Fast forward to 2016, Whittaker once again pushed the boundaries of human achievement by becoming the first person to solo free climb Freerider in under 24 hours, an incredible feat that showcased his exceptional skill, endurance, and mental toughness.

But Whittaker's impressive climbing resume didn't stop there. In a daring and unprecedented display of athleticism and skill, he became the first person to climb both El Capitan and Half Dome, two of Yosemite National Park's most iconic peaks, in a single day, solo and free. This remarkable achievement cemented Whittaker's status as one of the most accomplished and respected climbers in the world, and solidified his reputation as a true pioneer and trailblazer in the sport of rock climbing.

Whittaker's impressive climbing credentials boast numerous notable first ascents on the gritstone terrain, with Dynamics of Change standing out as a particularly significant achievement, earning the esteemed grade of E9 7a. Additionally, his impressive repertoire includes the E10 7a ascents of Bigger Baron and Sleepy Hollow, further solidifying his reputation as a formidable climber.

Beyond his gritstone exploits, Whittaker made headlines with his debut on Century Crack, a challenging off-width route that has earned the distinction of being the world's hardest, boasting a formidable grade of 5.14b. His accomplishments in Canyonlands, Utah, are equally impressive, with notable ascents of The Millennium Arch, a 5.14a route, and Lamb of God, a 5.14b climb that has cemented his status as a climbing virtuoso.

Person Biography:

Alex Whittaker is a renowned British climber, recognized for his incredible feats on the gritstone terrain and beyond. With a penchant for pushing the limits of human achievement, Whittaker has left an indelible mark on the world of climbing, with numerous first ascents to his name. His dedication to the sport and unwavering passion for the thrill of the climb have earned him a reputation as one of the most talented and fearless climbers of his generation.
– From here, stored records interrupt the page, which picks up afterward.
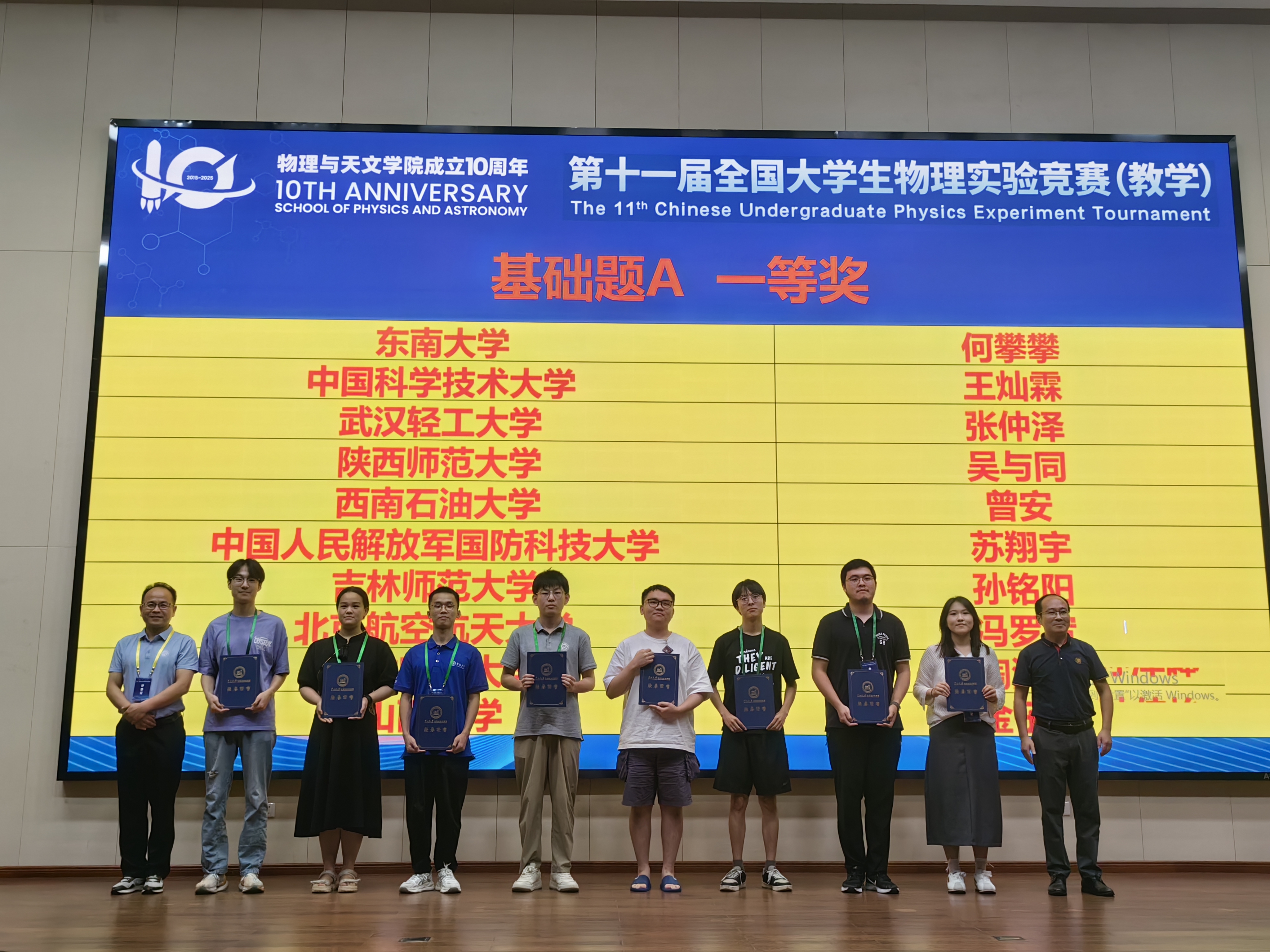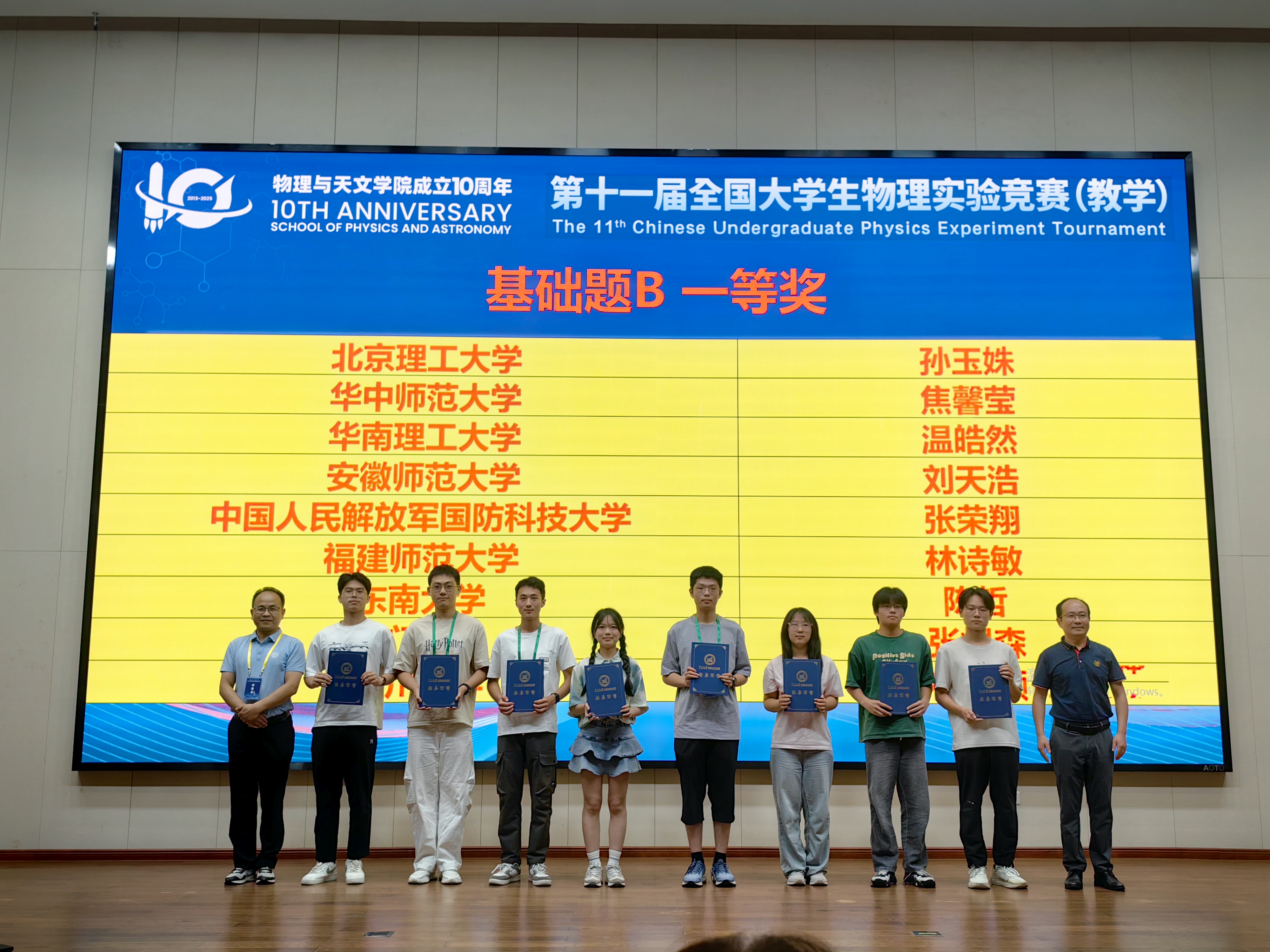 7月20日-24日, 2025年全国大学生物理实验竞赛(教学)在中山大学广州校区南校园和珠海校区落下帷幕。2023级物理学(师范)专业本科生陶润择、刘天浩同学分别斩获基础题A、B组别的一等奖(最高奖),学校荣获优秀组织奖。这是我校首次组织学生参加该赛事的“教学”赛道,并取得了全省前列的优异成绩。
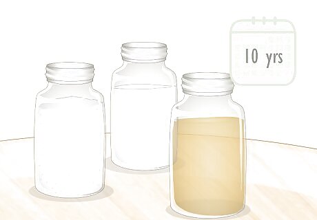 Store condiments such as salt, sugar, honey, and stock for 10 years. Condiments can considerably improve the flavor of food that's been stored away for a long time. Salt and sugar are two basics that last up to 10 years in a sealed container. Instant coffee can also last up to a decade and can provide a caffeine fix in an emergency. Honey can last for hundreds of years. Spices are most flavorful within 6-12 months, but are safe to eat for up to 4 years.
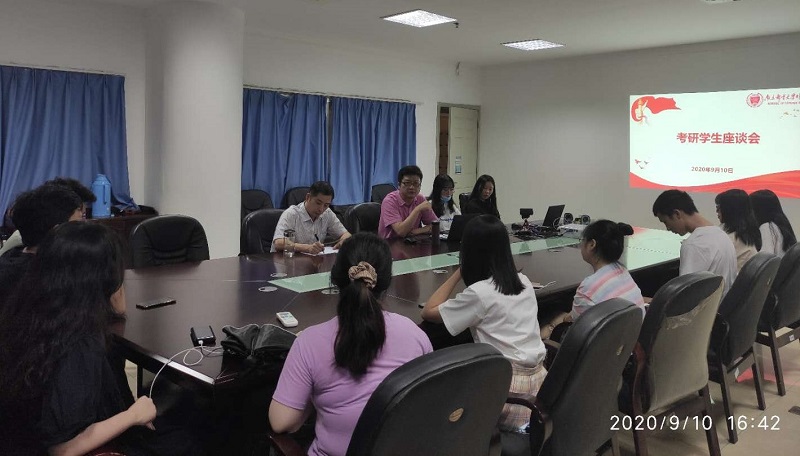9月10日下午,学院召开部分考研学生座谈会,院党委书记陈晓波、院长袁周敏与对口指导帮扶的2017级考研学生交流座谈。
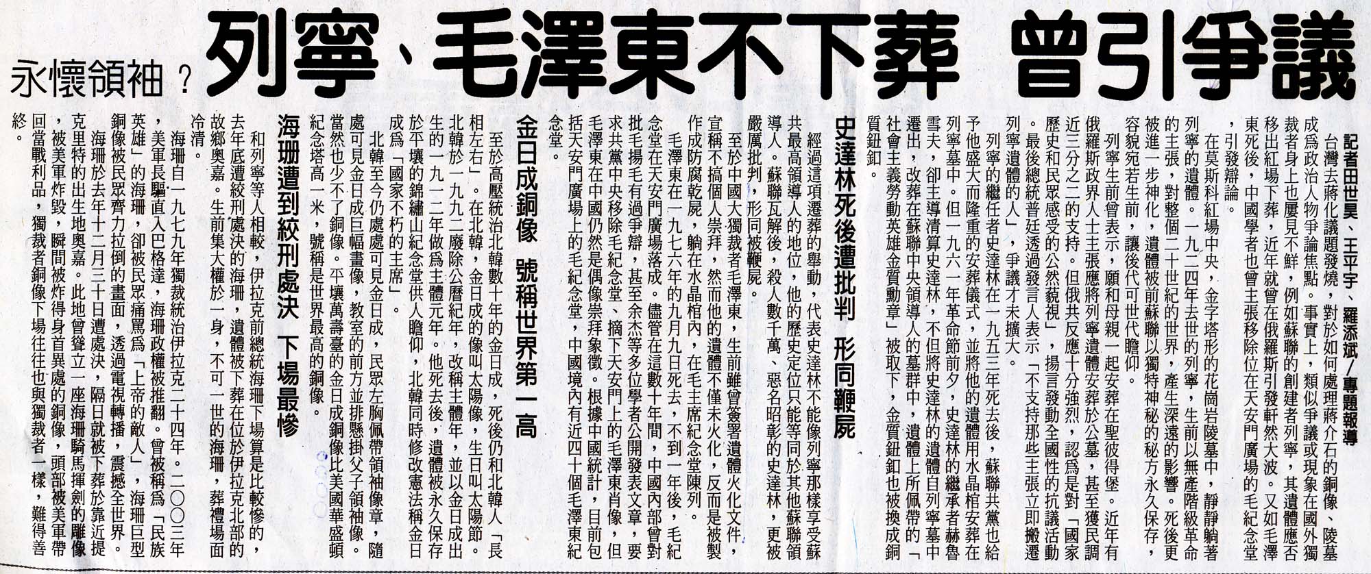 2007.02.08自由時報 列寧、毛澤東不下葬 曾引爭議

Whittaker's remarkable climbing history is marked by numerous groundbreaking ascents, showcasing his exceptional skill and tenacity. One notable achievement is his early conquest of Crown of Thorns, a daunting 5.14a route. He also tackled Cruzifix, another 5.14a challenge, solidifying his reputation as a formidable climber.

Whittaker's fascination with the legendary Cobra Crack, rated 5.14b, led him to attempt the iconic route in Squamish, Canada, widely considered the world's hardest crack at the time. His impressive feat was followed by an equally daunting ascent of Recovery Drink, a grueling 8c+ climb in Jøssingfjord, Norway, which remains his most challenging achievement to date.

In 2019, Whittaker made headlines with his flash ascent of Ronny Medels-vensson, an 8b route in Jøssingfjord, considered the toughest flash on a crack to date. This incredible feat showcased his exceptional power, precision, and mental toughness.

Whittaker's impressive climbing resume also includes the distinction of being the first to reach a width of 5.13 with his first ascent of Belly Full of Bad Berries, a challenging 5.13a/b route at Indian Creek in 2011.

Whittaker is of the opinion that he has merely begun to scratch the surface of what is feasible to ascend in extreme cracks, leaving a vast array of untapped possibilities yet to be explored. In the year 2021, he and his climbing partner, Randall, embarked on an extraordinary adventure, scaling the imposing Great Crack, a colossal 2,500-foot ceiling crack situated beneath a road viaduct in Devon, England.